== Data segment ==

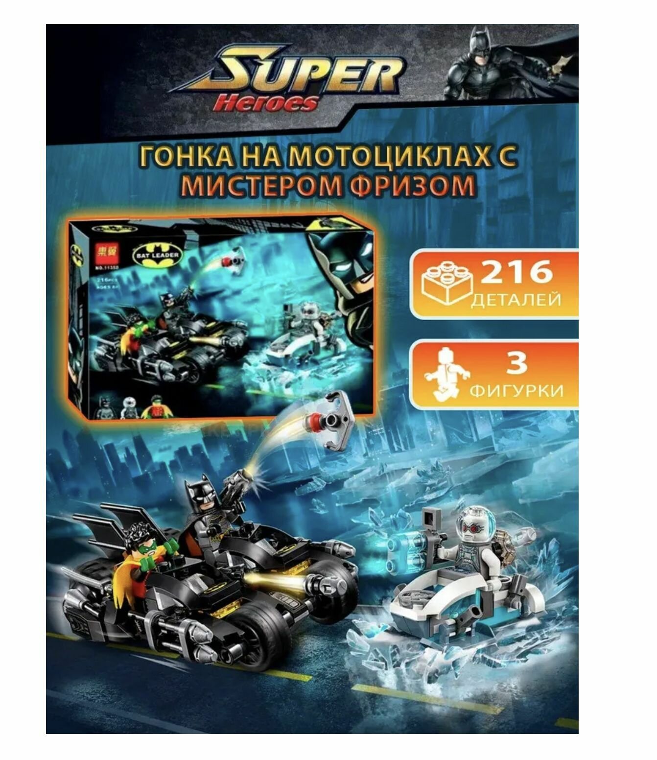 | Цвет товара | темно-серый, конструктор batleader batman "гонка на мотоциклах с мистером фризом" 216 деталей |
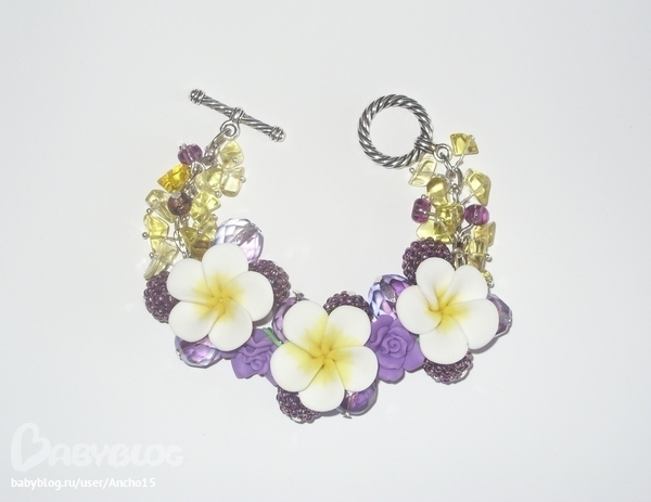 5. Браслет с белыми цветочками. Браслет выполнен из полимерной глины,хрустальной крошки, гранёных бусин и бусин, оплетённых бисером.
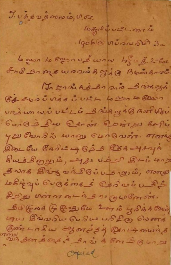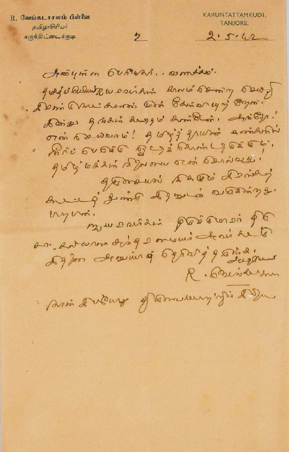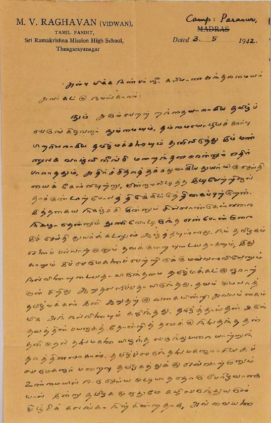 நன்றி மடல் : ஐயரின் உருவப்படம் அனுப்பியதற்கு நன்றிகூறும் மடல் ஆகஸ்டு 12, 1942

===

**Task requirements**
With the pictures removed, set down the entire listing exactly.

**Finished task**
 | Цвет товара | темно-серый, конструктор batleader batman "гонка на мотоциклах с мистером фризом" 216 деталей |
 5. Браслет с белыми цветочками. Браслет выполнен из полимерной глины,хрустальной крошки, гранёных бусин и бусин, оплетённых бисером.
 நன்றி மடல் : ஐயரின் உருவப்படம் அனுப்பியதற்கு நன்றிகூறும் மடல் ஆகஸ்டு 12, 1942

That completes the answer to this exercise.